Every webhook includes an HMAC signature (e.g., `X-Signature`).

Best practices:

* Store the secret in a vault
* Recompute the HMAC using the **raw request body**
* Compare with the header
* Reject and log mismatches

This protects against:

* Fake callbacks
* Tampered payloads
* Unauthorized requests hitting your endpoint

Webhook security is a PSP-level requirement — treat it as such.

# 4. Design for failure and retries

***

Pix is instant; the network around it is not.

Expect failures in:

* PSTI / direct provider connectivity
* Telecom / SMS delivery (for key confirmation)
* Network timeouts
* Internal ledger validations
* Limit and anti-fraud checks (regulated)

Recommended approach:

* Implement **clear retry policies** (exponential backoff, controlled loops)
* Never retry blindly
* Surface actionable messages to the user
* Log all failures with correlation IDs
* Treat “pending” as a normal intermediary state

A reliable Pix integration is resilient by design.

# 5. Monitor pending transactions & background jobs

***

A Pix can enter **PENDING** while waiting for:

* Provider processing
* SPI acknowledgment
* Webhook delivery
* Retry cycles

Pix Switch runs background workers to guarantee eventual consistency:

* Retry callbacks
* Reconcile intermediate states
* Detect stuck operations

Your responsibilities:

* Monitor pending transactions regularly
* Configure alerts for excessive retry attempts
* Integrate logs, metrics, and traces for observability

**Pending ≠ failure**, but prolonged pending requires investigation.

# 6. Keep Pix keys and customer data synchronized

***

Because keys are tied to identity:

* If a user changes phone/email → update or remove associated Pix keys
* Keep CRM records aligned with DICT data
* Remove outdated keys to avoid misrouting
* For institutions using DICT:

  Ensure portability and ownership claims follow BACEN rules

This reduces:

* Payments to wrong recipients
* MED cases due to incorrect keys
* Support friction

Consistency between CRM ↔ DICT ↔ Pix Switch is essential.

# 7. Respect SLA expectations and time windows

***

Pix settlement occurs in **up to 10 seconds**, but legal SLAs matter too.

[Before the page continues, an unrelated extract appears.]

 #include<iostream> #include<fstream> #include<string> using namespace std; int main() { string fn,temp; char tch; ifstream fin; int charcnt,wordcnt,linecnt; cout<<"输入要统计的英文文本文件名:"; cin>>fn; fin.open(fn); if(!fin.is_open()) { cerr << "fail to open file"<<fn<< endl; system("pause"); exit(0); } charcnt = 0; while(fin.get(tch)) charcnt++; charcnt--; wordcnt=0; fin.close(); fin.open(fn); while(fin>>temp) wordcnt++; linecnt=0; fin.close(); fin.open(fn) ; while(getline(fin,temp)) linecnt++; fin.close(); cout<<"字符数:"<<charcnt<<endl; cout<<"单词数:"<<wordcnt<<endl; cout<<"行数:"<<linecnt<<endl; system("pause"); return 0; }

Design your UX to respect:

* Maximum SPI tolerances
* Nighttime limit adjustments (20:00–06:00)
* Customer-driven limit reduction delays (immediate)
* Customer-driven limit increases (may require authentication or waiting period)

Always display:

* “Processing…” while awaiting confirmation
* “Try again” guidance for limit breaches

Your UX must mirror Pix’s real regulatory behavior.

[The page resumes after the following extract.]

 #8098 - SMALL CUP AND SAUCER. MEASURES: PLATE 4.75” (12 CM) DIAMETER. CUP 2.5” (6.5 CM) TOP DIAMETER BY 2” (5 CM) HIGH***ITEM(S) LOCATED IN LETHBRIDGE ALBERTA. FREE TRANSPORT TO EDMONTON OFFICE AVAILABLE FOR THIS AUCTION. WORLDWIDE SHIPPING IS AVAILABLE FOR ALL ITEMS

# 8. Implement reconciliation and accounting validation

***

Reconciliation closes the loop between:

* Your system
* Pix Switch
* SPI settlement
* Ledger postings (Midaz)

Recommended reconciliation cycle:

* Confirm every settled Pix using your webhook log
* Match every Pix ID with a ledger posting
* Compare daily summaries with provider/SPB outputs
* Flag any mismatch for manual review

This reduces operational noise and supports audit readiness.

# 9. Test end-to-end with realistic flows

***

Before going live, simulate:

* Cash-in and cash-out
* High-value limits
* Invalid keys
* Expired QR Codes
* Refunds (inbound + outbound)
* MED-related refund triggers
* Webhook downtime
* API timeout and retry patterns

Also test **intra-ledger Pix** scenarios when both accounts exist in Midaz.

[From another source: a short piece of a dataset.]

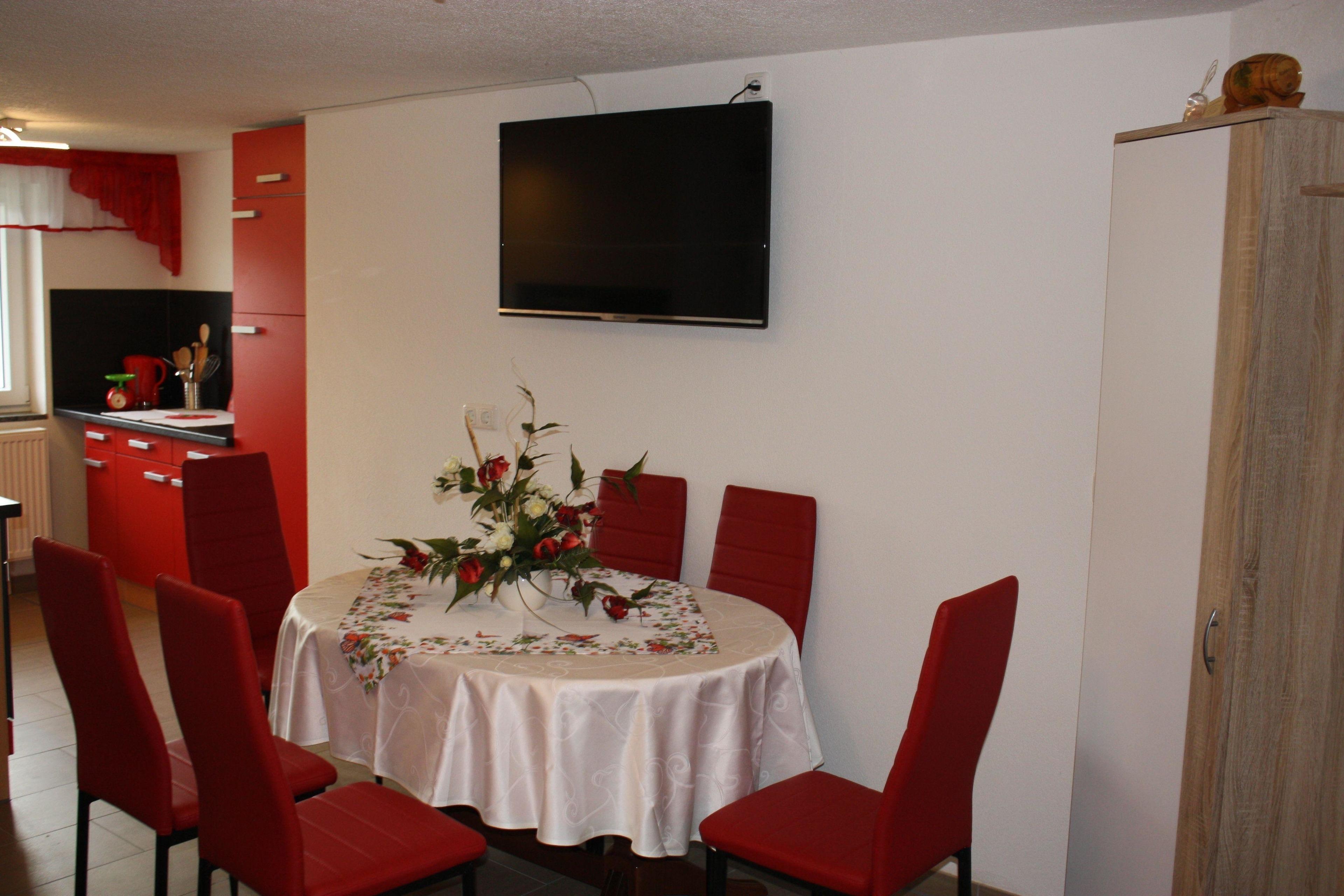 Eine hochwertige voll eingerichtete Wohn - Küche die komplett ausgestattet ist mit (4-Zonen Kochfeld, Backofen, Spülmaschine, Kühl-Gefrierkombination, Kaffeemaschine, Wasserkocher, Toaster, Eierkocher, Handmixer) Das Wohn- und Esszimmer ist mit einer gemütlichen Couch einem Essplatz für 6 Personen, einem Flachbild-Fernseher ausgestattet. Internet ist ebenfalls vorhanden.Das Bad, WC ist mit begehbarer Dusche ausgestattet.

Your validation checklist:

* Correct ledger postings
* Correct Pix status transitions
* Proper webhook handling
* Proper limit enforcement
* Proper accounting behavior

# 10. Prepare your support and operations teams

***

Support teams should understand:

* Pix timeframes (including night limit rules)
* Difference between “initiated”, “pending”, “completed”, “refunded”, “failed”
* How to read E2E IDs
* How to track DICT issues
* When MED applies vs normal refunds

Clear support flows reduce user friction and avoid false MED disputes.